Re the noexec thing - @facundominguez we should add this to the FAQ. Then we can close this ticket.
@mboes I have just changed the code to use a local file and still got this exception. Here is more output:
Exception in thread "main" java.io.IOException: failure to login
at org.apache.hadoop.security.UserGroupInformation.loginUserFromSubject(UserGroupInformation.java:824)
at org.apache.hadoop.security.UserGroupInformation.getLoginUser(UserGroupInformation.java:761)
at org.apache.hadoop.security.UserGroupInformation.getCurrentUser(UserGroupInformation.java:634)
at org.apache.spark.util.Utils$$anonfun$getCurrentUserName$1.apply(Utils.scala:2430)
at org.apache.spark.util.Utils$$anonfun$getCurrentUserName$1.apply(Utils.scala:2430)
at scala.Option.getOrElse(Option.scala:121)
at org.apache.spark.util.Utils$.getCurrentUserName(Utils.scala:2430)
at org.apache.spark.SparkContext.<init>(SparkContext.scala:295)
at org.apache.spark.SparkContext$.getOrCreate(SparkContext.scala:2509)
at org.apache.spark.SparkContext.getOrCreate(SparkContext.scala)

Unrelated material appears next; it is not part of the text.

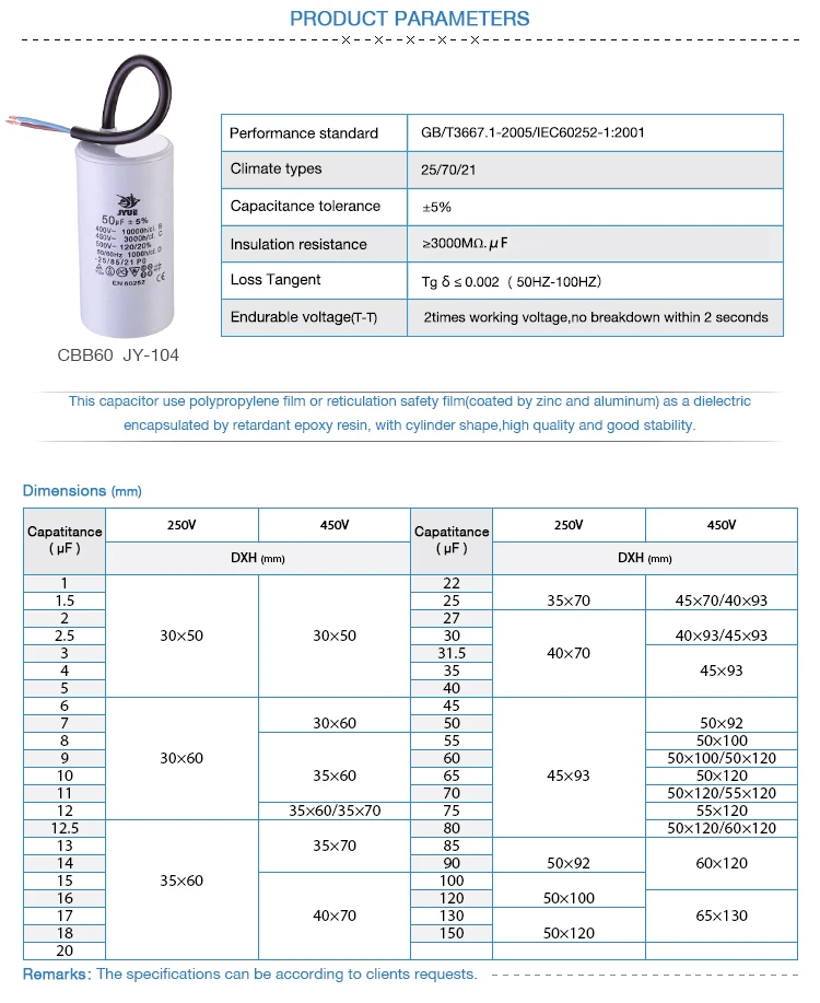CBB609UF450V - CBB60 9UF 450V CONDENSATORE SPUNTO PER MOTORE 5% SH 40

at io.tweag.inlinejava.Inline__sparkle072126eViymYvMiEGHk2u3Idxs_Control_Distributed_Spark_Context.inline__method_2(Inline__sparkle072126eViymYvMiEGHk2u3Idxs_Control_Distributed_Spark_Context.java:13)
at io.tweag.sparkle.SparkMain.invokeMain(Native Method)
at io.tweag.sparkle.SparkMain.main(SparkMain.java:11)
at sun.reflect.NativeMethodAccessorImpl.invoke0(Native Method)
at sun.reflect.NativeMethodAccessorImpl.invoke(NativeMethodAccessorImpl.java:62)
at sun.reflect.DelegatingMethodAccessorImpl.invoke(DelegatingMethodAccessorImpl.java:43)
at java.lang.reflect.Method.invoke(Method.java:498)
at org.apache.spark.deploy.SparkSubmit$.org$apache$spark$deploy$SparkSubmit$$runMain(SparkSubmit.scala:755)
at org.apache.spark.deploy.SparkSubmit$.doRunMain$1(SparkSubmit.scala:180)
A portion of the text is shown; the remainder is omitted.